The most efficient method is to have the operating system map the file to memory. Search your OS API for "mmap" or "memory mapping".

Another approach is to seek to the end of the file and get the position (tellg()). This is the size of the file. Allocate an array in dynamic memory or create a std::vector reserving at least this amount of space.

Some Operating Systems have API you can call to get the size of a file (without having to seek to the end). You could use this method, then dynamically allocate the memory or use std::vector<char>.

You will need to come up with a plan if the file doesn't fit into memory.

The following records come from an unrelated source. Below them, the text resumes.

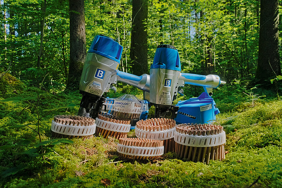 »Lignoloc« ist nach Unternehmensangaben nicht nur der weltweit erste schießbare Holznagel – und damit geeignet für die industrielle Fertigung und ökologische Holzbearbeitung – sondern auch ein Vorreiter in Sachen Nachhaltigkeit mit einem um 66 Prozent reduzierten CO2-Ausstoß im Vergleich zu herkömmlichen Systemen, wie Beck mitteilt. Mit dem eigens entwickelten »Fasco«-Druckluftnagler der »Lignoloc«-Edition, lassen sich die Holznägel problemlos in Holz und Holzwerkstoffe einschießen und garantieren laut Hersteller dabei eine feste, unlösbare und stoffreine Verbindung.
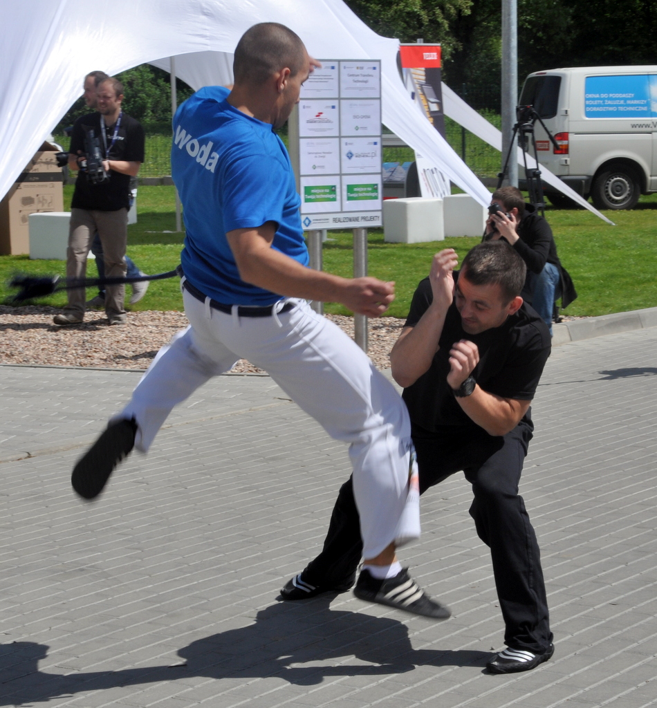 After a few speeches given by local hot shots such as the president of Świdnica and officials from the Lower Silesia department of electric technology, there was a short Capoeira presentation that meant to represent how the four classical elements (earth, fire, wind, and water) kick ass and chase away bad energy all dressed in black representing oil and coal.
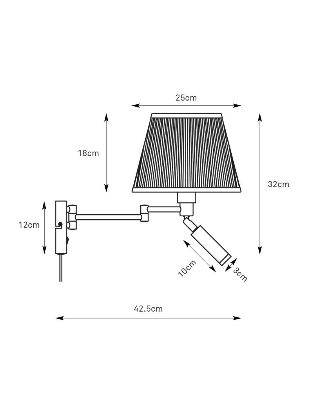 Elle dispose d’un bras articulé avec abat-jour en tissu blanc cassé pour un éclairage d’ambiance, ainsi qu’une lampe de lecture orientable avec LED intégrée de 4W, idéale pour un éclairage ciblé.
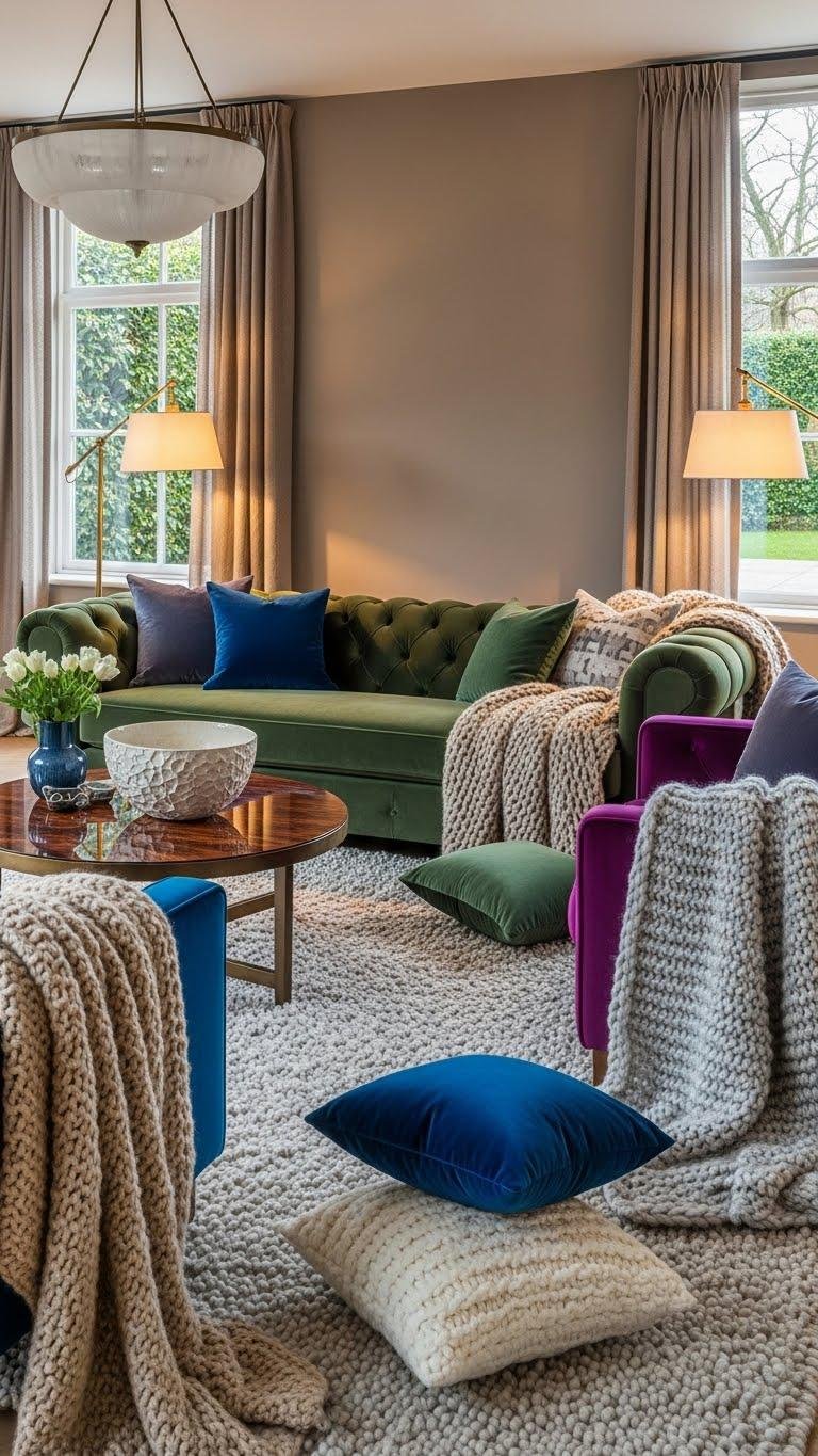 Start by layering velvet and mohair to create a tactile, high-impact foundation for a cozy-luxury interior. You’ll pair velvet tufting on anchor pieces with loose mohair sheens in throws and cushions, balancing structured depth and luminous movement. Choose muted jewel tones and soft neutrals, let texture define zones, and keep layouts open so you feel liberated, refined, and deliberately comfortable.
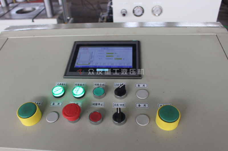 1、100噸四柱伺服油壓機采用先進PLC液壓傳動技術,科技含量高,故障率低,自動化程度高,工作效率高。
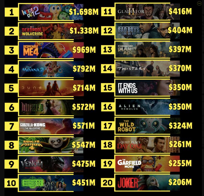 Las 20 películas más taquilleras del 2024
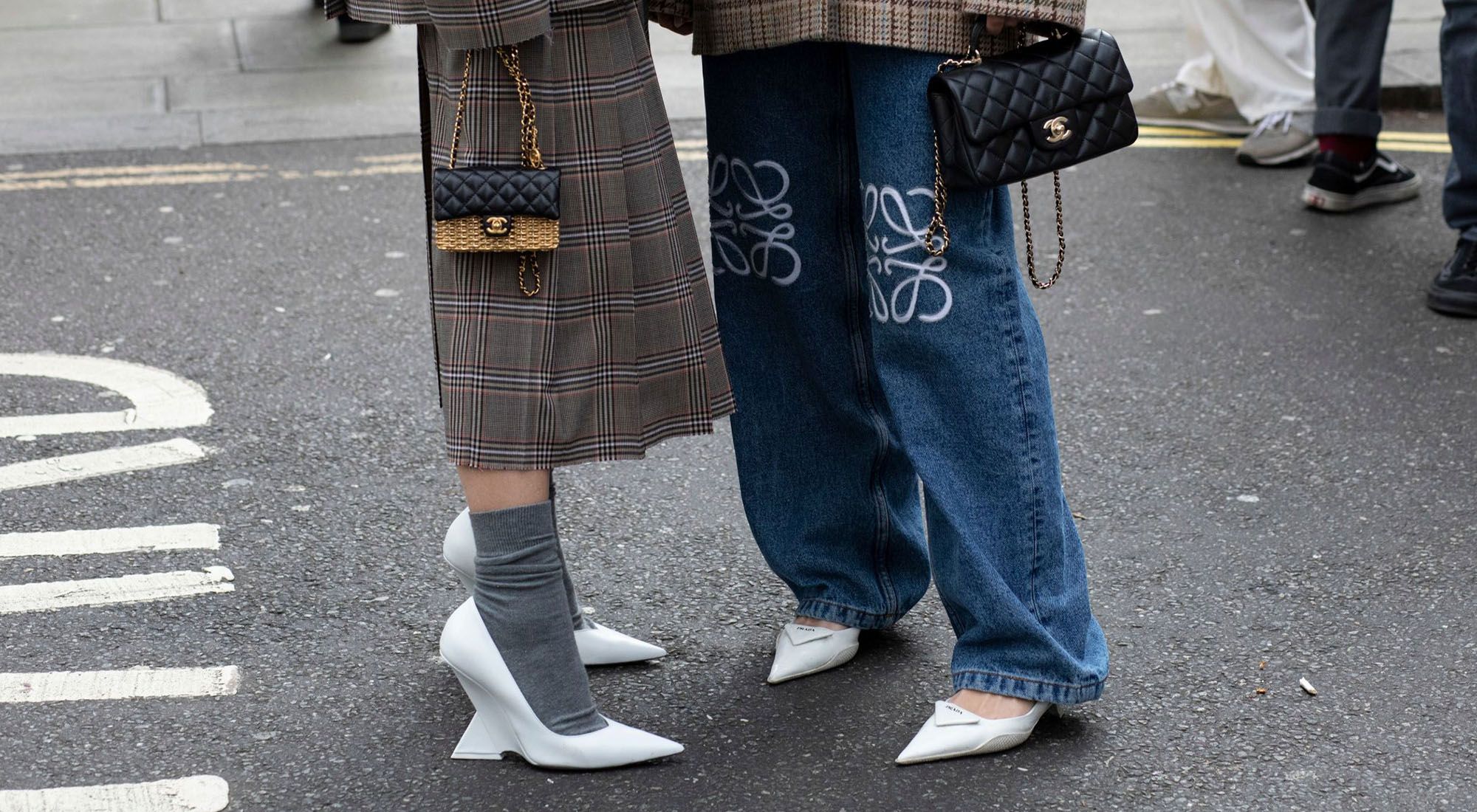 El revival de los años 20 se hace presente en esta combinación. Los tacos se llevan con medias para jugar con contrastes de textura y proporción, sumando un gesto femenino y sofisticado.

If you need to read the entire file into memory, you could use istream::read using the file length.

Thomas Matthews
  • 56,849
  • 17
  • 98
  • 154
  • Your 2nd paragraph is how most people would to this, and certainly how I do it. Simply `tell`ing the size of the file does not require any allocation. – underscore_d Feb 02 '16 at 14:20
0

It all depends on file format. One way to store records is to first write how many records are stored in file. If you have two phone numbers your file might look like this:

2
Jon
555-123
Mary
555-456

In this case the solution is straightforward:

// ...
is >> count;
record_type *record = new record_type[count];
for ( int i = 0; i < count; ++i )
  is >> record[i].name >> record[i].number; // stream checks omitted
// ...

If the file does not store the number of records (I wouldn't do this), you will have to count them first, and then use the above solution:

// ...
int count = 0;
std::string dummy;
while ( is >> dummy >> dummy )
  ++count;
is.clear();
is.seekg( 0 );
// ...

A second solution for the second case, would be to write a dynamic container (I assume you are not allowed to use standard containers) and push the records as you read them:

// ...
list_type list;
record_type r;
while ( is >> r.name >> r.number )
  list.push_back( r );
// ...

The solutions are ordered by complexity. I did not compile the examples above.

zdf
  • 4,382
  • 3
  • 18
  • 29